The mean knowledge score 1 week after testing was 7.0/10 (SD = 2.5), similar to knowledge scores of ~70% in previous studies of education sessions or written information.39,40 Among women invited for posttest counseling, knowledge increased to 7.6/10 (P = 0.002); among carriers, knowledge at 6 months was increased substantially to 8.7/10. In qualitative interviews reported elsewhere,28 participants indicated that they regarded knowledge on a “need to know” basis, i.e., they sought knowledge only once they were found to be at risk. In this study, 69% of participants were at low a priori risk and remained so after testing. To summarize, psychosocial outcomes were generally favorable and similar to those observed both with traditional genetic counseling and in other non-family-history-based trials.

Study limitations

This study population is highly educated. Recruitment at mammography, executive screening, and breast surgeon clinics ascertained highly health-aware individuals. We did not aim to enroll a representative sample of the Israeli AJ population, but rather to explore alternative options of performing general BRCA1/BRCA2 screening. In this respect, the study population provides insight into the profile of potential participants in different versions of a screening program. The response rate to questionnaires was partial (67% for Q1 and 50% for Q2), but responders were representative of women study participants. The study was performed in one country.
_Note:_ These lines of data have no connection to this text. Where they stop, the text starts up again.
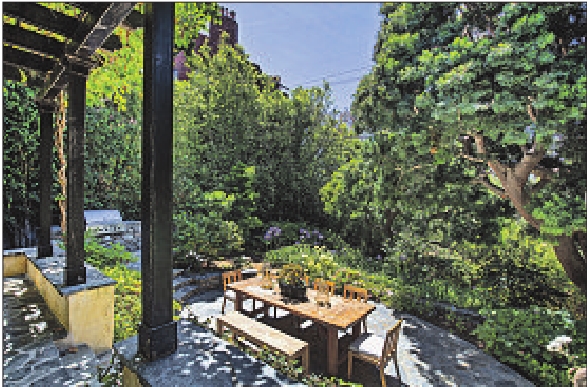 French doors open to a trellistopped patio and outdoor barbecue. Tiered garden planters, lawn and mature trees fill out the nearly half-acre of grounds.
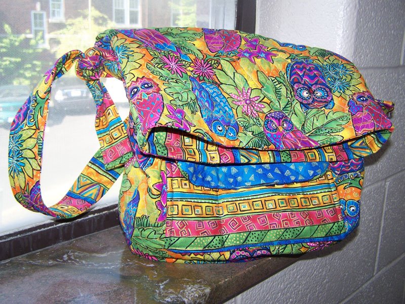 I like several of the design elements of this bag, but they are proving to be a problem in functionality. I liked the straps and loop configuration but my strap knots keep slipping through the loop so I have temporarily fixed it by tying a knot. And that slips too. Either I carry too much junk (what would I have carried in an 18 1/2″ bag!) or my straps are not fat enough (go figure, didn’t know I had anything not fat enough!) or I just have high hopes……I think I need to convert to a buttonhole and large neon button. I always love a chance to innovate and personalize. And this pattern has definite potential.
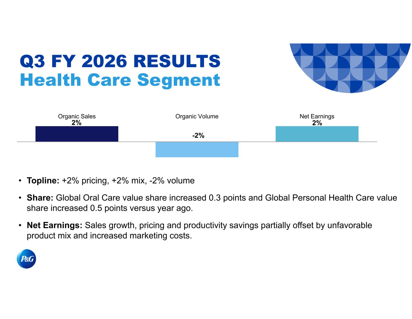 2% -2% 2% Organic Sales Organic Volume Net Earnings Q3 FY 2026 RESULTS Health Care Segment • Topline: +2% pricing, +2% mix, -2% volume • Share: Global Oral Care value share increased 0.3 points and Global Personal Health Care value share increased 0.5 points versus year ago. • Net Earnings: Sales growth, pricing and productivity savings partially offset by unfavorable product mix and increased marketing costs.
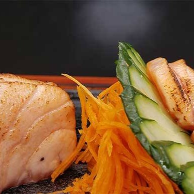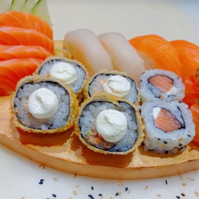 4 sashimi de salmão, 2 niguiri de salmão, 2 niguiri de tilápia, 2 joe salmão cream cheese e cebolinha, 2 uramaki salmão e 4 hot hol de salmão cream cheese.

Sociocultural and health-system particulars may differ elsewhere.

Conclusion

Screening AJ for common BRCA1 and BRCA2 mutations using a streamlined process without in-person pretest counseling resulted in high (67%) uptake, very high (>90%) satisfaction, and very high post-test counseling compliance (89–100%). Most participants (71%) had no suggestive family history, and restricting in-person counseling to high-risk persons at the post-test stage resulted in no substantial psychosocial harm. Forty percent of carriers identified did not have a suggestive family history. Self-referral and medical-based recruitment captured different groups of women, suggesting that a multimethod approach will widen ascertainment. Current strategies target women who are around age 50, which is older than optimal for effective prevention. Further research is necessary to address screening implementation for younger women and for various societies and health systems.

Disclosure

The authors declare no conflict of interest.